I have written a custom convolutional layer that has a Linear
layer as a member. However, the Linear
layer’s weights are just a .view
of the weights of the convolutional layer.
class Conv2d(AISBase):
def __init__(
self,
in_channels : int,
out_channels : int,
kernel_size : _size_2int,
stride : _size_2int = 1,
padding : Union[str, _size_2int] = 0,
dilation : _size_2int = 1,
groups : int = 1,
bias : bool = False,
device = None,
dtype = None,
):
super(Conv2d, self).__init__()
# ... standard stuff here
self.weight = Parameter(
torch.empty((out_channels, in_channels, *self.kernel_size), **factory_kwargs)
)
if bias:
self.bias = Parameter(torch.empty(out_channels, **factory_kwargs))
else:
self.register_parameter('bias', None)
# ... more stuff
self.reset_parameters()
n_rows = self.kernel_size[0] * self.kernel_size[1] * in_channels
n_cols = out_channels
self.linear = Linear(
in_features=n_rows,
out_features=n_cols,
bias=bias,
device=device,
dtype=dtype
)
# Link the parameters of the conv layer with the one of the linear through a view
self.linear.weight = Parameter(self.weight.view(self.weight.size(0),-1))
self.linear.bias = None if not bias else Parameter(self.bias.view(-1))
Viewing the network from outside, this linear layer should not be visible. Therefore, it should not appear when I look at the state_dict
of the model.
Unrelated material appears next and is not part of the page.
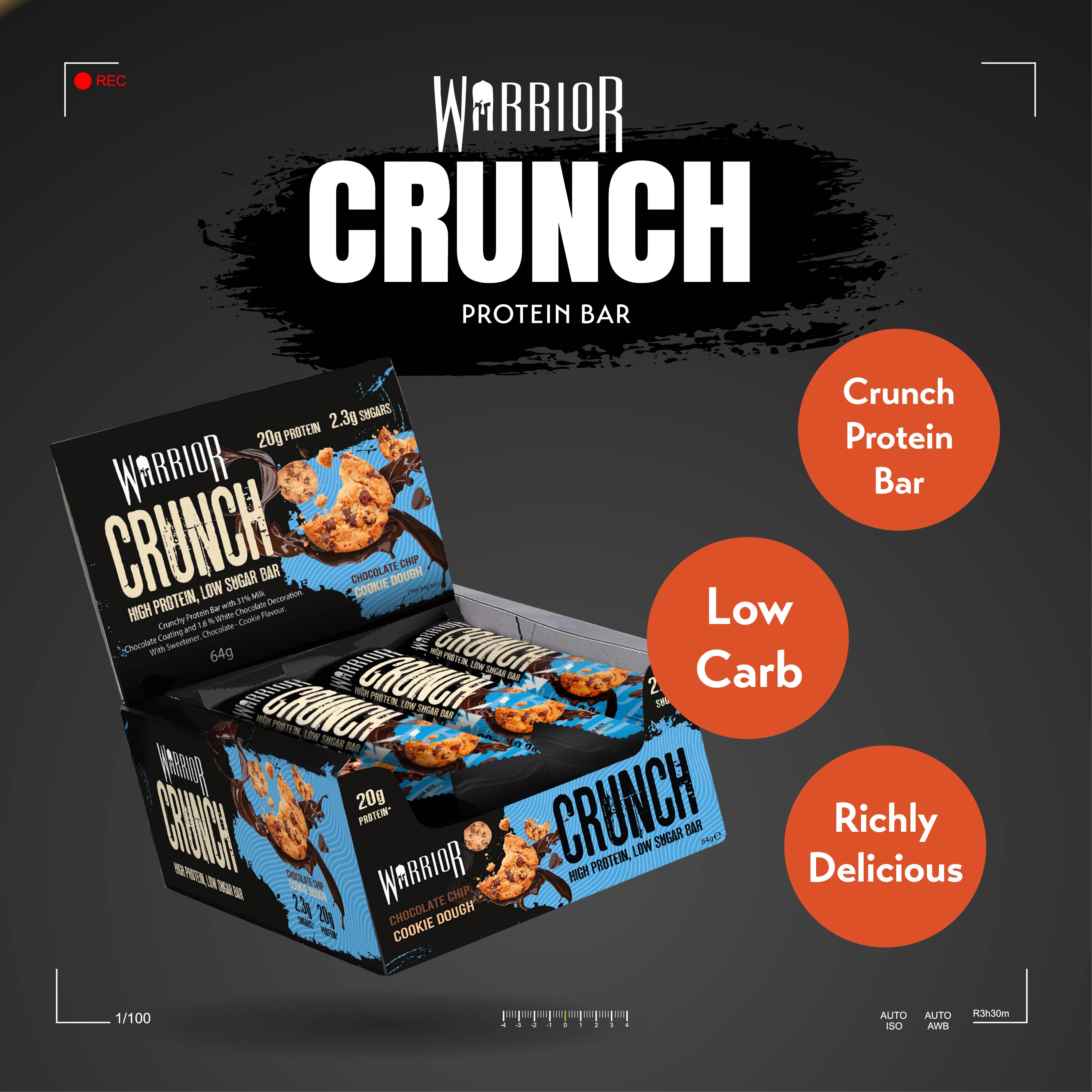 Warrior CRUNCH bars are possibly the tastiest low carb, high protein bar ever to hit the market! A richly delicious, multi-layered, crunchy low-carb, high protein bar that is perfect any time of day.

However, I have to use the Linear class and for that the weight has to be a Parameter
.
I also want to be able to use a state_dict
in load_state_dict
that does not have these linear parameters. If I now try to load one, PyTorch of course complains that the Parameter
s of the self.linear
are not matched.
Is there maybe a fancy way through hooks or smth. similar that solves my problem?